Когда все было кончено, крохотные черные песчинки, оставшиеся от червя, скользнули у нее по щекам вместе со слезами. Сенейра стерла их рукавом рубашки. Какое-то время она молчала, но наконец произнесла:
– Спасибо, Келлен.
Я думал, что испытаю облегчение от того, что она в безопасности, и радость, потому что все могло бы кончиться очень плохо. Но вместо этого во мне кипело бешенство. Это сделал мой народ, мой собственный народ, и они продолжали это делать с теми, чьи браслеты они держали у себя. Все для того, чтобы принести новую форму Черной Тени, самого темного наследия моего народа, в жизни невинных людей. Черные линии вокруг моего глаза начали гореть, и вскоре такое же жжение поднялось в груди. Левый глаз моргал, и я не мог с этим справиться, и каждый раз мне представали видения – огня, разрушения. Убийства и кровь, и их несу я, уничтожаю моих врагов. Сжигаю их заживо. Убиваю. Убиваю. Убиваю.

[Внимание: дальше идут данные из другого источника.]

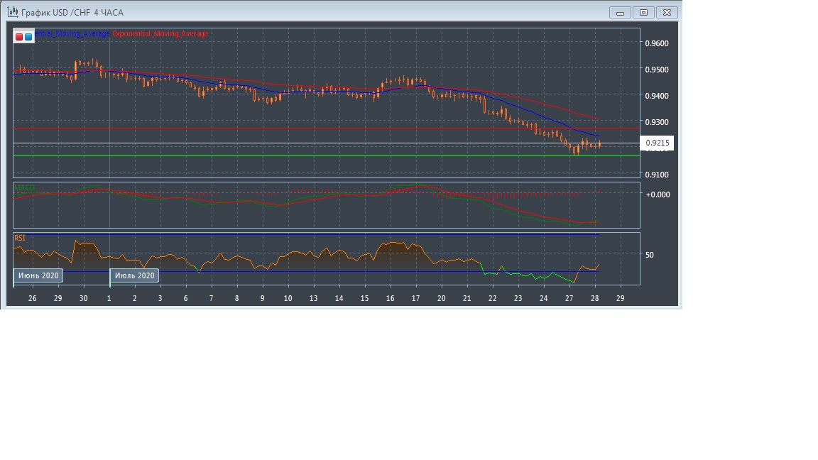 На четырёхчасовом графике скользящие средние с периодом 21 и 55 дней ускорились и развернулись вниз, увеличивая расхождение. При этом график рынка развивается ниже экспоненциальных скользящих средних, что подтверждает медвежью тенденцию данного рынка в краткосрочной перспективе.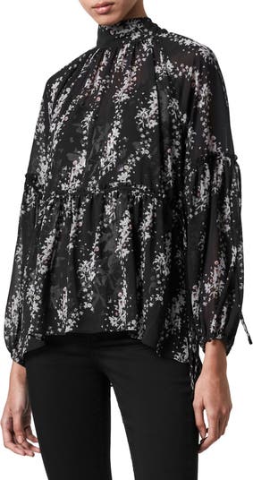With a ditsy floral print, layered cami design and mock neck, this stunning long-sleeve blouse brings the elegance.

– Все хорошо, – сказала Сенейра, которая оказалась ближе, чем я ожидал. Я обнаружил, что вскочил на ноги, а она стояла рядом, положив голову мне на плечо, держась за меня, словно ветер мог вот-вот меня унести. – Все хорошо.
Как можно мягче я высвободился из ее рук, левый глаз все еще жгла тьма.
– Сейчас тебе лучше держаться от меня подальше.
Она оставалась невозмутимой.
– Это почему же?
– Потому что у меня Черная Тень. Настоящая, а не такая, как была у тебя. Во мне… во мне живет что-то ужасное и только и ждет, чтобы вырваться наружу, и я не знаю, сколько смогу его сдерживать. Я не тот, за кого ты меня принимаешь.
Сенейра потянулась к моему лицу. Я дернулся, но она не отступала, и ее палец очертил извивающиеся черные линии вокруг глаза.
– А может, ты не тот, за кого ты себя принимаешь, Келлен, – она убрала руку. – Одно я знаю о тебе точно.
– Что?
Она поцеловала меня в щеку.
– Ты куда лучше, чем ты сам о себе думаешь.
Я не знал, что на это ответить. Вечно я теряюсь. Сенейра снова обняла меня, потом сказала:
– Пошли. Отец наверняка уже хватился нас и волнуется.
– Не могу, – сказал я, чувствуя слабость – как и всегда после приступов. – Надо обыскать пещеру, а вдруг у Дексана тут припрятаны еще ониксовые браслеты.
– Ладно, – сказала она, – но потом сразу возвращайся к нам. Не лишай отца возможности сказать тебе спасибо.
Не зная, что еще делать, я кивнул.
Следующие несколько часов мы с Фериус и Рейчисом обыскивали вещи Дексана, к его большому огорчению. Фериус нашла дневник Дексана, где тот перечислял имена и детали о семьях своих жертв и упомянул еще полдюжины, и мы решили, что эти браслеты теперь в руках клиентов Дексана.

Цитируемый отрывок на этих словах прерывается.